Giving it away for free... does it pay?

As I’ve probably mentioned before, Amazon’s KDP Select program (under which you have to make your book exclusive to Amazon for 90 days) gives you the option to make your book free for 5 of those 90 days. I thought it was worth a try. After all, an electronic copy of the book costs me nothing, and if someone reads it for free and then writes a positive review or tells a friend about the book, it could help to generate some paid sales.

Having spent some time on the Kindle forums, some indie authors seem to get very uptight about the notion of giving their book away for free: “I sweated blood over my masterpiece, I’ll be damned if anyone is going to read it without paying me for the privilege.”

I think that attitude is a) monumentally egotistical, and b) bad business.

I’m a new author, so nobody knows who I am.
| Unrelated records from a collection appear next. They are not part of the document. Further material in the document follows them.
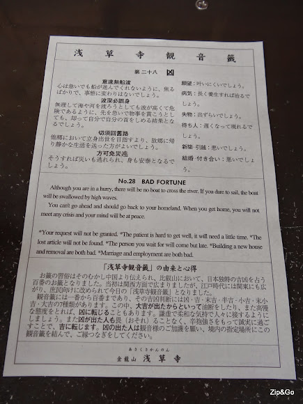 En la misma zona encontramos el omikuji, unos papeles que predicen tu fortuna y que están presentes en la mayoría de santuarios y templos. Para conocer tu sino tienes que pagar 100 yenes (1 euro), coger un palito de un bote metálico, en ese palito viene un número, después tienes que abrir el cajón que se corresponda con dicho número y finalmente sacar una hoja que describe tu porvenir. Como no podía ser de otra manera, a mí me ha salido "mala suerte". Además, el papel viene a decir algo así como que tengo que volver a mi casa y una vez allí se me pasarán todos los males. Por suerte nuestro guía de hoy, mi amigo Koji, nos ha explicado que unas planchas metálicas que había cerca sirven para atar los papeles, de esta manera los buenos augurios se cumplen y los malos se evitan. Por cierto, a él le ha tocado "buena suerte". Todo esto lo entenderéis mejor viendo la siguiente serie de imágenes.
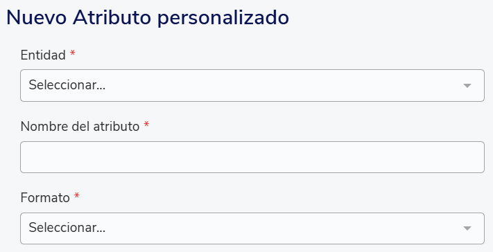 Dentro de esta vista, se puede crear un atributo con el botón "Crear Atributos personalizados".
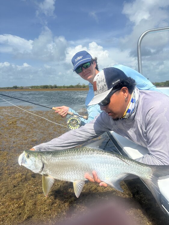 20. Rojo Jr upgraded his PB Tarpon in Belize last week. Family trip, so only broke away for a day. I fed a big one, but it spit the hook fast, then had another 70ish pounder swipe at my fly and miss (I probably took it away from it)
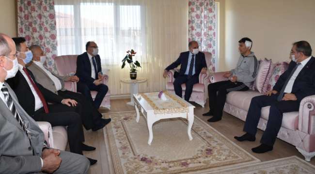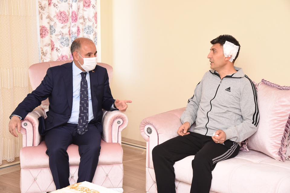 Polise kürekle saldıran akli dengesi bozuk vatandaş tarafından yaralanan polis memurunu Emniyet Genel Müdürü Mehmet Aktaş ve beraberindeki heyet evinde ziyaret etti
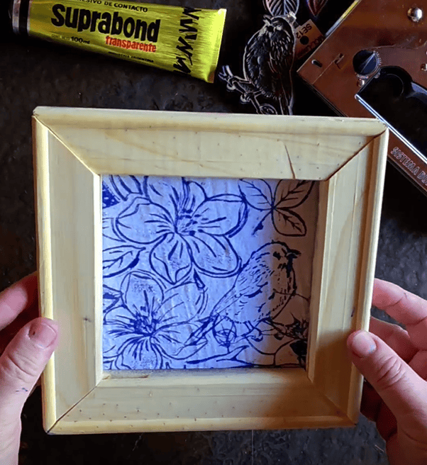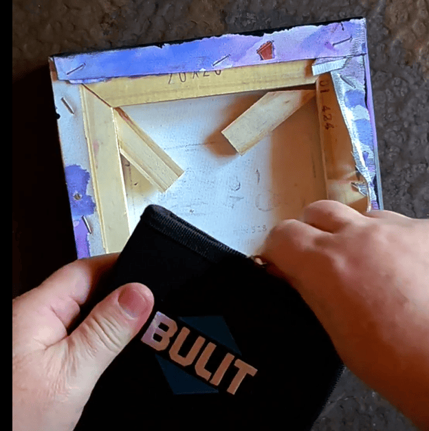 5.- Recortamos los excedentes de la tela, y vamos a armar el cuadro, junto a la engrampadora dúo de BULIT.

Therefore, my first priority isn’t to make sure everyone who wants to read so much of a chapter of my glowing prose pays me my $3.99, it’s to get as many people as I possibly can to read it. If they like it, they tell people and that’s what will get my name around a bit.

This isn’t a new business model, of course – how do people think reviews of traditionally published books get into newspapers? The journalists get free copies, they read them, and hopefully they have something nice to say about them. If you’re not prepared to let anyone see your work, to try before they buy, then why would you ever expect anyone to pay for it?

So yes, I thought a free promotion would be good for business, particularly as it costs me nothing. (I’ve actually seen someone suggest that 600 free books downloaded equates to 600 lost sales. If you genuinely believe this, you must either be criminally insane, or work for the PR department of a major film studio or record company… not that the two are mutually exclusive.)

Anyway, what I didn’t factor in was the indirect benefit: increased visibility. If enough people ‘buy’ your book when it’s free, it rises up the rankings, which means it shows up on more searches and gets cross-promotion through “customers who bought this also bought this…”

I put Halfway to Hell on promotion for two days last Friday and Saturday. It started doing really well in the free book rankings. It was doing so well that I decided to extend it by another day. By Sunday night, it was number 6 on the top 100 free books for Kindle, and number 3 in thrillers. By the time the promotion finished, I’d had over 3,000 downloads in the UK alone.

The sales bump I got from the increased visibility was unprecedented – from selling 17 copies in March, and only 1 so far in April, I sold around 50 copies on the Monday alone. I picked up a glowing 5-star review from someone who’d downloaded the book free on Sunday evening and finished it late on Monday. Sales have stayed steady, and I’m up to 134 paid copies of Halfway to Hell sold since Monday. It’s in the top 50 paid thrillers in the Kindle store, and number 345 among all books for Kindle.

I know this is probably a temporary bump (although I hope that some of those 134 readers will like the book enough to recommend it to others), and that the numbers aren’t exactly big time, even though they’re a huge jump for me. But still – the royalties I’ve generated since Monday total well over £200 (or around $350).

I’m not quitting the day job just yet, but that’s enough to pay a chunk of the mortgage. And just as importantly, people are reading my book. So yeah, free seems to be working for me.